Spatial Neighborhood

As discussed earlier, an effort should be made to reduce circuit size and shorten the test case to speed up debugging. After a circuit and a test case of manageable size are in hand, simulation values are traced or dumped to determine the root cause of the bug. Instead of dumping out values for all nodes at all times during the simulation, which has a drastic impact on performance, it is wise first to gauge the proximity of the bug in location and time, and dump out node values within the neighborhood and time interval. This initial judgment of the bug is an art that requires knowledge of the design, and intuition. The nature of the bug provides a hint regarding physical proximity, and the method of locating it resembles that of circuit scope reduction, but differs in that the neighborhood in this case can be arbitrarily small, whereas the scope in circuit reduction must satisfy the goal of preserving the bug. As debugging progresses, the dumping neighborhood can widen or shift. When a neighborhood moves, a simulation needs to be run to obtain data. If data dumped in several sessions can be merged, which depends on the format of the dumped data, then only the incremented scope needs to be dumped. The complete scope of data can be obtained by merging the previous incrementally dumped data. An optimal dumping neighborhood becomes clearer as experience grows.

Temporal Window

Determining the dumping interval, or window, can be done via trial and error or it can be derived from a statistical mean. For example, based on past bugs’ data, one can compute according to the functional unit to which a bug belongs, the time interval between the moment a bug is triggered to the time it is detected, compute the average time interval for each functional unit, and use the average interval of a functional unit as the initial dumping interval for the bug currently under investigation. The functional unit in which the bug is presumed to reside may change as debugging progresses. If a bug leads to signal values outside the dumping interval, another signal dump simulation run is required. The new interval is further back in time and ends where the last time starts.

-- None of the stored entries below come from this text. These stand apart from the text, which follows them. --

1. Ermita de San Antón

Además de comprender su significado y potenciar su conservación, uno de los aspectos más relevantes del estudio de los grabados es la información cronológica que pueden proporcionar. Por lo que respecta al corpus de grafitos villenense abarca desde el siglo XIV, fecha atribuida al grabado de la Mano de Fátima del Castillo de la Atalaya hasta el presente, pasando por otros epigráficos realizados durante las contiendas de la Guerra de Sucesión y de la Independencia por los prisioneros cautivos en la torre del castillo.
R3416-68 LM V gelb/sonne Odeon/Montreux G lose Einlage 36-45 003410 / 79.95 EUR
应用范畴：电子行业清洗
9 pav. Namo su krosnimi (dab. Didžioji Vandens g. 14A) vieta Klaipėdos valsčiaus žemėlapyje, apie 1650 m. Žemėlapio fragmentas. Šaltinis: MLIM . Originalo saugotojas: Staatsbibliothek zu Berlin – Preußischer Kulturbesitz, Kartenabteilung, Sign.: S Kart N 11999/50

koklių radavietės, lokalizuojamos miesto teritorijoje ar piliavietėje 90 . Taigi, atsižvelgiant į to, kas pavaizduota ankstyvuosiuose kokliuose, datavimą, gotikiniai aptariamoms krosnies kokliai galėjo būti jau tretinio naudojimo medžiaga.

Figure 6.4 illustrates a typical dumping sequence dictated by the backtracking movement of a bug and the interaction of spatial neighborhoods and temporal windows. The two regions represent two neighborhoods. N₁ is the first dumping neighborhood. There are four signal dumps labeled on the arrows. The bug is first observed at node a at time interval I₁. Scope N₁ is dumped for interval I₁. As the bug is traced backward across multiple FFs, the time goes outside interval I₁ but remains within the same neighborhood. Thus, a second dump is executed for interval I₂. As backtracking continues to node b in the circuit, the signal goes outside neighborhood N₁. Thus neighborhood N₂ is dumped for interval I₂. Again, backtracking across multiple FFs moves the time past interval I₂, causing another dump for interval I₃. In interval I₃, the root cause of the bug is found.

Figure 6.4. Signal dumping sequence in a debugging process

The mechanism for dumping node values should be methodologically designed into the RTL. A basic feature of a dumping mechanism is the ability to select the dumping scope either at compile time or runtime. The scope can be a module, a task, or a function.

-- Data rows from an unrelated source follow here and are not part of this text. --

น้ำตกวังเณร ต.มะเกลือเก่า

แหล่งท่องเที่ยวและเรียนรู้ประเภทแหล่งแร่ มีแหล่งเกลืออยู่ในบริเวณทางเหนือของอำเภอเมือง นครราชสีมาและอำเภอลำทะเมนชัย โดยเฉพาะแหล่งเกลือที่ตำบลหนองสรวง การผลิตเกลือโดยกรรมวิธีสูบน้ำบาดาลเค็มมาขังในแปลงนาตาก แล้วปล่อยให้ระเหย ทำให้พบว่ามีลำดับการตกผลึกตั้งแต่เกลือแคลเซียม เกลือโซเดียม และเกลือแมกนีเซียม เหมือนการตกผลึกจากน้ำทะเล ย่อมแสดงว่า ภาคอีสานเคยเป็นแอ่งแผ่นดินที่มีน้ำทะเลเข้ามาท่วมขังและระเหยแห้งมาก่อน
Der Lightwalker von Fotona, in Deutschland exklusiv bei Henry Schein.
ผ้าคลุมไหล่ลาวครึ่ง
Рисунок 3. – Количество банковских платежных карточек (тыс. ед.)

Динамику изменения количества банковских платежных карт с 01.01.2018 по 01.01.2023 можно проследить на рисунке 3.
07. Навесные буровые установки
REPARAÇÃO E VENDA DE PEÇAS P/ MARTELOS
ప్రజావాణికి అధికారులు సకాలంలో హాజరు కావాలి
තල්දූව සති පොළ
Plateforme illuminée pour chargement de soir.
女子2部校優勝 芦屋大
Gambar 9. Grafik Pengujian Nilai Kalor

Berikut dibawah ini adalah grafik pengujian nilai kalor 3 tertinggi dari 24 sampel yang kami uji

Compile-time dumping selection can be implemented using ifdef directives to select the desired dump commands. Runtime selection, on the other hand, can be implemented by scanning in runtime arguments. Many simulators have built-in system tasks for checking command arguments on the command line (for example, $test$plusargs()). Compile-time selection implementation runs faster, but the user must know what to dump at compile time. In the case when dumping is activated only when an error is detected, runtime selection is more convenient. Based on the nature of the error, an appropriate scope is selected to dump out its node values.

To dump out node values inside a scope, most simulators have built-in system tasks so that the user does not need to write a long $display statement for all nodes to be dumped. An example of a dump command is IEEE standard command $dumpvar (1, module_name), which saves the values of all nodes at level 1 inside scope called scope_variable into a file which can be specified by $dumpfile("filename"). The following is an example showing a compile-time selection implementation and a runtime selection implementation. To invoke the compile-time selection, just define the corresponding variable, such as 'define DUMP_IDU. To invoke the runtime selection, use plusarg at the simulator command line, such as simulator +dump_IDU+dump_L2:

// compile-time selection
'ifdef DUMP_IDU
   $dumpvar(1, instruction_decode_unit);
'endif
'ifdef DUMP_L2
   $dumpvar (1, L2cache);
'endif
// runtime selection
if ($test$plusargs("dump_IDU") )
   $dumpvar(1, instruction_decode_unit);
if($test$plusargs("dump_L2");
   $dumpvar(1, L2cache);

Lightweight dumping records only select strategic variables and hence has a minimal performance impact while sacrificing full visibility. Lightweight dumping is beneficial for error scouting simulation runs when errors are not known to happen a priori. However, when errors appear, the information from the lightweight dump narrows the scope for a full-fledged dumping.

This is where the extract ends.